With thesc yere observations, Caribou Sam makes a bluff at the barkeep with a handful of money. In remonstratin', Jack Rainey's pard nacherally pulls a gun, as likewise does Caribou Sam. Thar's the customary quantity of shootin', an' while neither Caribou nor his foe gets drilled, a bullet goes through the ceilin' an' sort o' sa'nters in a careless, indifferent way into pore Jack Rainey, where he's bedded down an' snorin' up above.

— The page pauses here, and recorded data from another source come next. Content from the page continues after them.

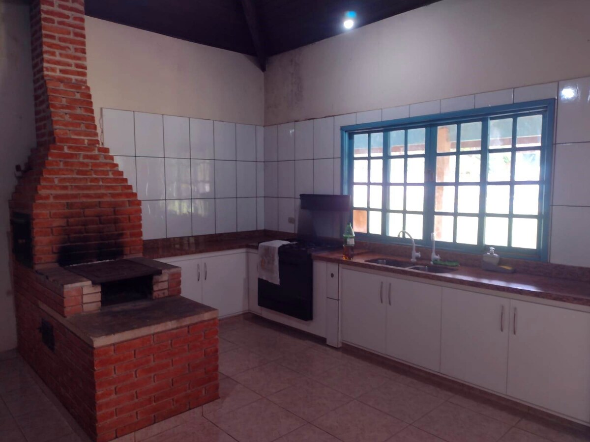 Casa compacta com 2 quartos, sendo um deles sala/quarto tem sofá e TV Netflix,wiff,temos uma pequena cozinha e uma área externa grande e gramada muito agradável. Relaxe com toda a família nesta acomodação , dedique-se a criar memórias felizes em companhia das suas pessoas favoritas. aconchegante pra receber você e seus acompanhantes pra curtir um fim de semana ou alguns dias durante a semana, temos churrasqueira, Piscina, balanço, gangorra,redes de descanso ,local bem ensolarado e tranquilo.
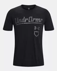 This is a men's Under Armour T-shirt in size XL, featuring a graphic print of the brand's baseball script logo in black and grey colors. The shirt has short sleeves, a crew neck, and is made of a cotton blend jersey fabric, making it lightweight and breathable for all seasons. The fit is regular, suitable for everyday wear, and the design theme is a classic sports style, perfect for sports enthusiasts or casual wear.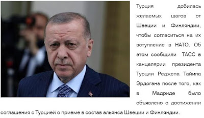 Αυτό αναφέρει το πρακτορείο TASS επικαλούμενο το γραφείο του Τούρκου προέδρου Ρετζέπ Ταγίπ Ερντογάν, αφού ανακοινώθηκε στη Μαδρίτη ότι επιτεύχθηκε συμφωνία με την Τουρκία για την ένταξη της Σουηδίας και της Φινλανδίας στη Συμμαχία.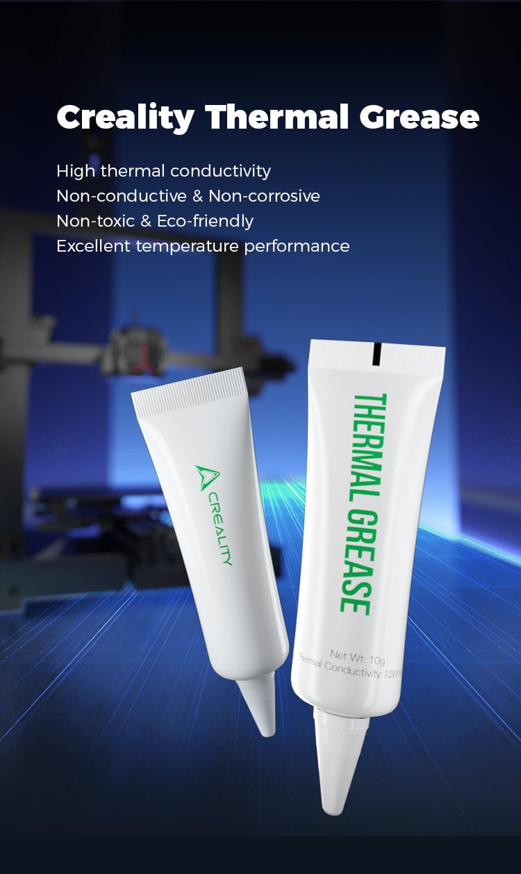 【High-performance thermal paste for precision control】 The thermal paste with 8.5 W/mK conductivity improves heat distribution of heating blocks and hotends, reduces temperature fluctuations, and extends the life of components. Electrically insulating and heat-resistant (-58°F to +572°F).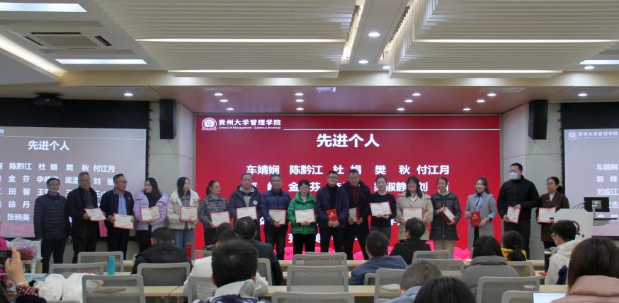 随后,学院对2023年度管理学院“先进个人”“先进部门(集体)”进行表彰,学院领导为获表彰的集体和个人颁发荣誉证书。共计表彰“先进个人”48人,“先进部门(集体)”6个。李烨院长对获得表彰的个人和集体表示祝贺,并勉励大家在2024年接续奋斗,再创佳绩。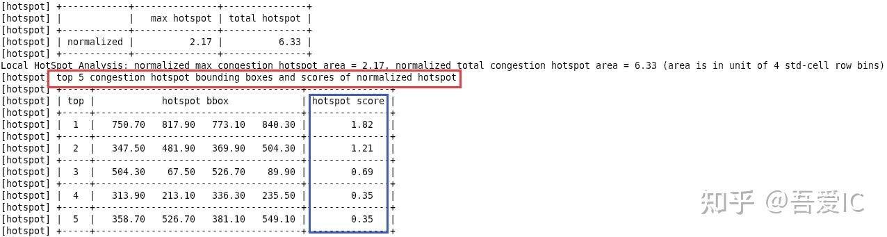 hotspot表征的是设计中congestion的热点,它是用面积来表示hotspot的分数。如果这个分数越高代表的是这个位置有congestion的点比较多。所以这个位置附近就有比较聚集的congestion问题。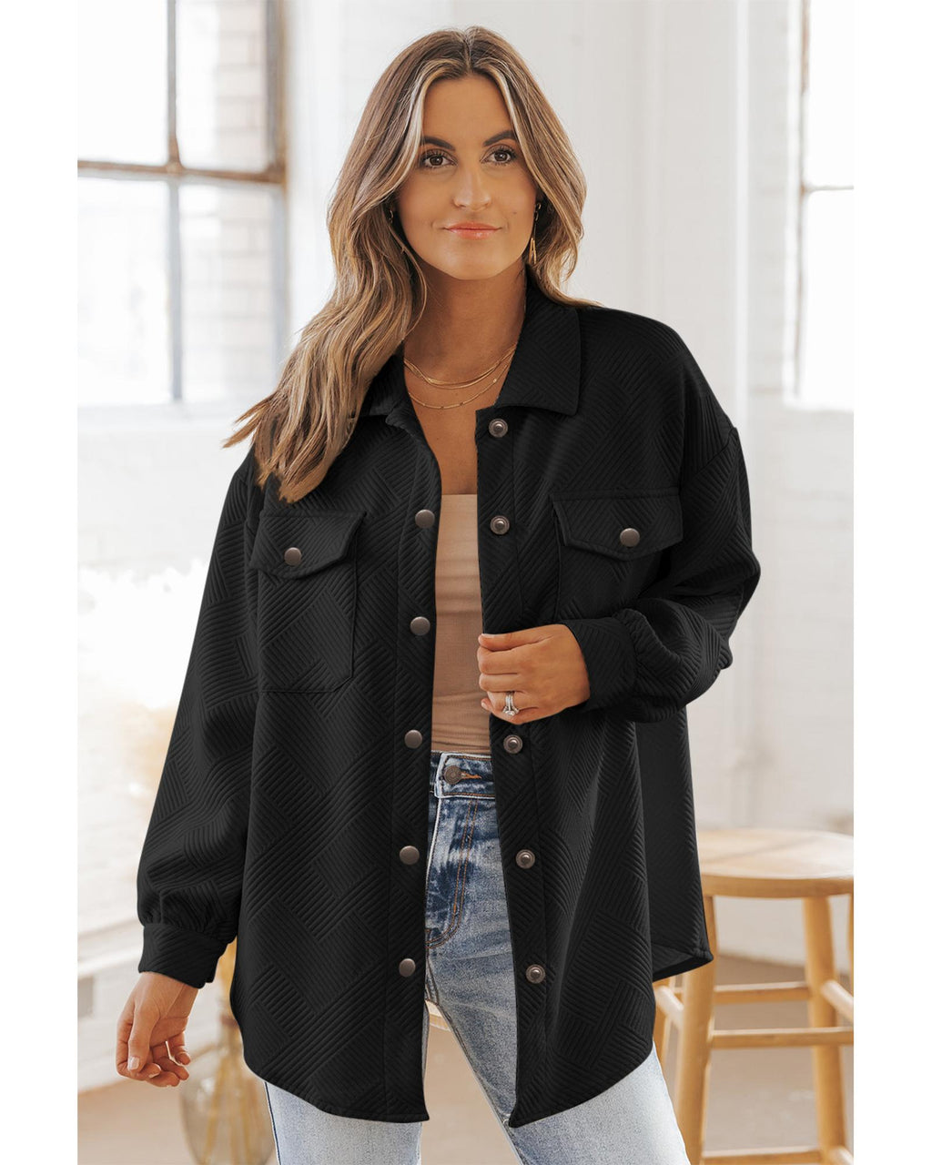 Black Solid Textured Flap Pocket Buttoned Shacket - XL

"'Shore, he's dead, Rainey is,' concloodes Dave, 'an' his ontimely takin' off makes Lido quit loser for three days of licker free as air. He's a splendid, gen'rous soul, Jack Rainey is; an' as I says at the beginnin', he falls a sacrifice to his love for others, an' in tryin' at his own expense to promote the happiness an' lift them burdens of his fellow-men.'

"'This yere miscreant, Caribou,' says Texas Thompson, 'is a mighty sight too punctilious about them drinks; which thar's no doubt of it. Do they lynch him?'

"'No,' says Tutt; 'from the calibre of the gun which fires the lead that snatches Rainey from us, it is cl'ar that it's the gent who's contendin' with Caribou who does it, Still public opinion is some sour over losin' them three days, an' so Caribou goes lopin' out of Lido surreptitious that same evenin', an' don't wait none on Rainey's obsequies. Caribou merely sends regrets by the barkeep of the Sunflower, reiterates the right to pay for them drink, an' Lido sees him no more.'"



CHAPTER XV.

The Defiance of Gene Watkins.

"Be I religious that a-way?" More to embark him on some current of conversation than from any gnawing eagerness to discover his creed, I had aimed the question at my Old Cattleman.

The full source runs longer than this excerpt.